Interview mit Ken Wilber 2002

Einführung

Wir können es immer noch nicht glauben und doch ist es geschehen. Der Autor und Bewußtseinsforscher Ken Wilber hat sich intensiv Zeit für uns genommen. Nach einer 2 tägigen Anreise über Atlanta erreichen wir Denver, in der Ferne die Rockies mit ihren verschneiten Gipfeln. Denver ist eine saubere Stadt, die obligatorischen Wolkenkratzer Downtown grüßen schon von weitem. Mit 1600 Metern über dem Meeresspiegel ist es um diese Jahreszeit in Denver heiß und trocken.

Ken wohnt in einem viktorianischen Lagerhaus aus dem Ende des letzten Jahrhunderts, dass mittlerweile mit diversen Wohnungen, sogenannten Lofts, umgebaut wurde. Pünktlich um 2 Uhr nachmittags erscheinen wir bei Ken, der zu unserem Gespräch 2 weitere Studenten aus seinem Umkreis eingeladen hatte. Willow Pearson die Geschäftsführerin im II ist ebenso anwesend.

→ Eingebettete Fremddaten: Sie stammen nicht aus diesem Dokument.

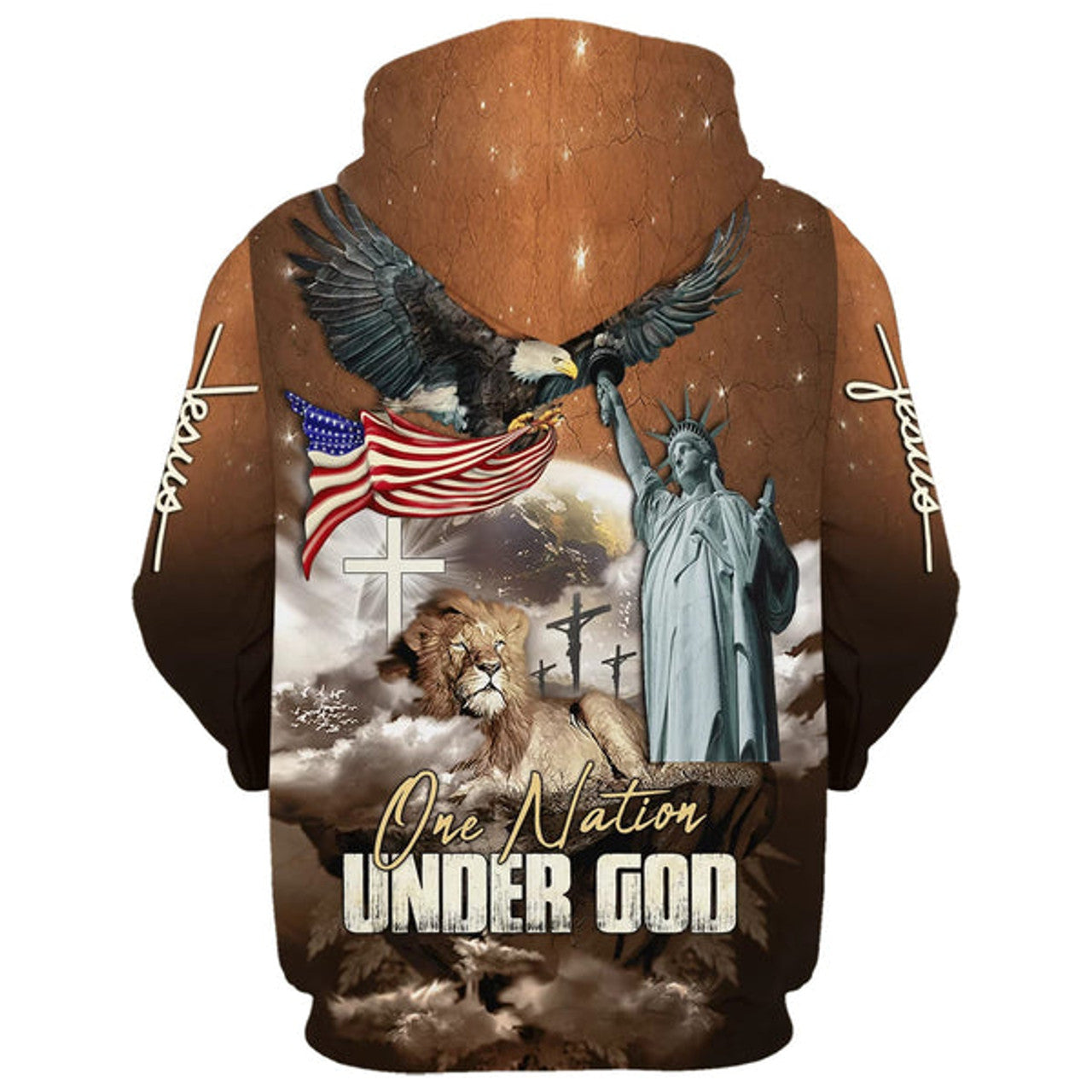 FUNSTUFFPRINT One Nation Under God Bald Eagle American Flag and Lion Hoodies Men & Women Christian 3D Hoodie and Zip Hoodie

Ken, ca. 1.90 groß, empfängt uns mit überwältigender Freundlichkeit, natürlich, strahlend, offen, voller Energie und Lebensfreude. Der Mann ist barfuß, trägt ein blaues T-Shirt, moderne, getönte Designerbrille. Kräftiger Händedruck, kraftvolle Statur, die bekannte Glatze. Sushi, Obstteller und Getränke stehen bereit.

Er liebt die urbane Energie und die hohe Decke seines Loft. Wir schauen nach oben und entdecken Lüftungsrohre, die dem großen Raum Atmosphäre verleihen. Eine geziegelte Wand erinnert an alte Industriezeiten. Alles wirkt sauber und aufgeräumt. TV und CD Player sind von modernster Bauart. Skate- und Snowboard an der Wand kontrastieren auffällig mit einem tibetischen Thangka (Shiva & Shakti). Ein Trampolin lockt zum großen Sprung.

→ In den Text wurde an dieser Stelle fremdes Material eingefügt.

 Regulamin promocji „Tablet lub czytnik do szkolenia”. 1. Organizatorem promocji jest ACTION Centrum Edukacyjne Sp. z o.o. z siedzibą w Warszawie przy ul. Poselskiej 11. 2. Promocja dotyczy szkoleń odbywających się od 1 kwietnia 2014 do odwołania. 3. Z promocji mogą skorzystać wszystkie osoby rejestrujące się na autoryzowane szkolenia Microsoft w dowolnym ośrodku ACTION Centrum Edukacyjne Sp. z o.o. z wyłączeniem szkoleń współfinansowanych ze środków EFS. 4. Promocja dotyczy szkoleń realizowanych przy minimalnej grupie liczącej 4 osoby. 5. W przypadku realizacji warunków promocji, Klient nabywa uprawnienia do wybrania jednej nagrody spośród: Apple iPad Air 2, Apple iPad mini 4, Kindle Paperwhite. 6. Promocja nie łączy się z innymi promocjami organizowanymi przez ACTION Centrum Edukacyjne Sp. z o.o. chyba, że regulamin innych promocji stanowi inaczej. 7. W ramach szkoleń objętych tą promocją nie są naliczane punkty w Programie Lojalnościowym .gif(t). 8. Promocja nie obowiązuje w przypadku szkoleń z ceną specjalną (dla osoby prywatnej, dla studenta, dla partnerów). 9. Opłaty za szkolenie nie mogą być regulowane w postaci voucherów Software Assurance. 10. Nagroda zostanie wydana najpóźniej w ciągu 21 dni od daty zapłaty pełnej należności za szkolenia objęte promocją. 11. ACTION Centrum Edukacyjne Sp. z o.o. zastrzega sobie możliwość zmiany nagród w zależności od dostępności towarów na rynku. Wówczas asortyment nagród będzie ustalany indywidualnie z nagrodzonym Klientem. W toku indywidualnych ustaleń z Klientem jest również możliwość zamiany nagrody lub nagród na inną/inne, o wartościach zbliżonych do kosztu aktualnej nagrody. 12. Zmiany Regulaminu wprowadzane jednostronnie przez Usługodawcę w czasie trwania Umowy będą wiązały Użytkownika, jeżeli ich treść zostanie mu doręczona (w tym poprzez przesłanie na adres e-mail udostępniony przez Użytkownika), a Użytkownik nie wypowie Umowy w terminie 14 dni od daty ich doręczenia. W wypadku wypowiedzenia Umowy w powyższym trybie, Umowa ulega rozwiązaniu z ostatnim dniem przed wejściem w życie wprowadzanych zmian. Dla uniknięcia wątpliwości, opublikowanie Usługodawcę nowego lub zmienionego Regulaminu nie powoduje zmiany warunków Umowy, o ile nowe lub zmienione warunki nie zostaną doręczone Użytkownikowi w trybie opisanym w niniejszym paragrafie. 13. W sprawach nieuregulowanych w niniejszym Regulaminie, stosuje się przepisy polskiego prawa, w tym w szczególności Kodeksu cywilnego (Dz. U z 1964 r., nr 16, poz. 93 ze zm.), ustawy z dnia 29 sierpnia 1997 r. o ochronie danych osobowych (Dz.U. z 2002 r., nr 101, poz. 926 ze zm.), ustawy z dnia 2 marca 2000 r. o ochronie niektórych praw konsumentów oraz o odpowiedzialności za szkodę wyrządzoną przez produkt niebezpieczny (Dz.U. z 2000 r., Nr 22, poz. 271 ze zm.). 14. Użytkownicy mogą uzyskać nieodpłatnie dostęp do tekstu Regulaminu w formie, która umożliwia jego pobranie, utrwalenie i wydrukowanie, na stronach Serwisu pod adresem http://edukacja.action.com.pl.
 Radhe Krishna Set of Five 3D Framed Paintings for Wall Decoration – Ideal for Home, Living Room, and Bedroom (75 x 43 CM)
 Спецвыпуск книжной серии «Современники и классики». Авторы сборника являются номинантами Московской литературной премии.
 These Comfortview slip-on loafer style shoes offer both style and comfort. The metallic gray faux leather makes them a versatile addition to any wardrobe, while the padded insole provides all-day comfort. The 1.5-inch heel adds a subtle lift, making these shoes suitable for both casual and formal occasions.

Geschichte und Herausforderungen des ArbeitsKreis Ken Wilber

Ken Wilber, Gerd Klostermann, Jo Munzer und Felix Ginthum

Ken erfährt die wesentlichen Punkte zur Entwicklung des AK seit September 1998. Ausgehend von dem Seminar mit Edith Zundel trafen sich seither die MitgliederInnen des AK bereits 4 mal auf Bundesebene sowie auf den regelmäßigen und zahlreichen Regionaltreffen. Das nächste Bundestreffen in Berlin steht vor der Tür, zu dem diesmal nahezu 100 TeilnehmerInnen erwartet werden. Mit 5 Schwerpunktthemen erwartet der AK beim Bundestreffen in Berlin die Gründung weiterer Projekt- und Fachgruppen (Ken nennt Fachgruppen Core Teams) im deutschsprachigen Raum. Die Schwerpunkte in Berlin werden sein: Integrales Business (Koch/Klostermann), Interreligiöse Zusammenarbeit (Dr. Erlenwein), Integrale Gesellschaftspolitik (Dr. Wilpert), Authentische Spiritualität (Jo Munzer) und ein erweitertes AQAL (All Quadrants/All Levels) Modell von Detlef Siebert. Die seit 1999 eingeleitete Regionalisierung des AK in Deutschland, Österreich und der Schweiz wurde Ken deutlich gemacht. Unser AK wuchs seither von 20 auf 280 InteressentInnen in Berlin, München, Frankfurt, Freiburg, Köln/Wuppertal, Bremen, Schweiz und Österreich, ferner gibt es nun Kontakte zu Belgien, Holland, Frankreich und Spanien. Die Bundesaktivitäten werden nach einem Treffen bei Edith Zundel im Frühjahr 2000 nunmehr seit fast einem Jahr von Felix Ginthum geleitet, der umfassende Unterstützung aus der Berliner Szene des AK erhält. Zudem ist der AK seit Anfang 2002 mit dem Zusatz Integrales Forum der Deutschen Transpersonalen Gesellschaft (DTG e.V) beigetreten, was ihm den vereinsrechtlichen Status (association) auf diese Weise verliehen hat. Die DTG unterstützt die Bundesaktivitäten.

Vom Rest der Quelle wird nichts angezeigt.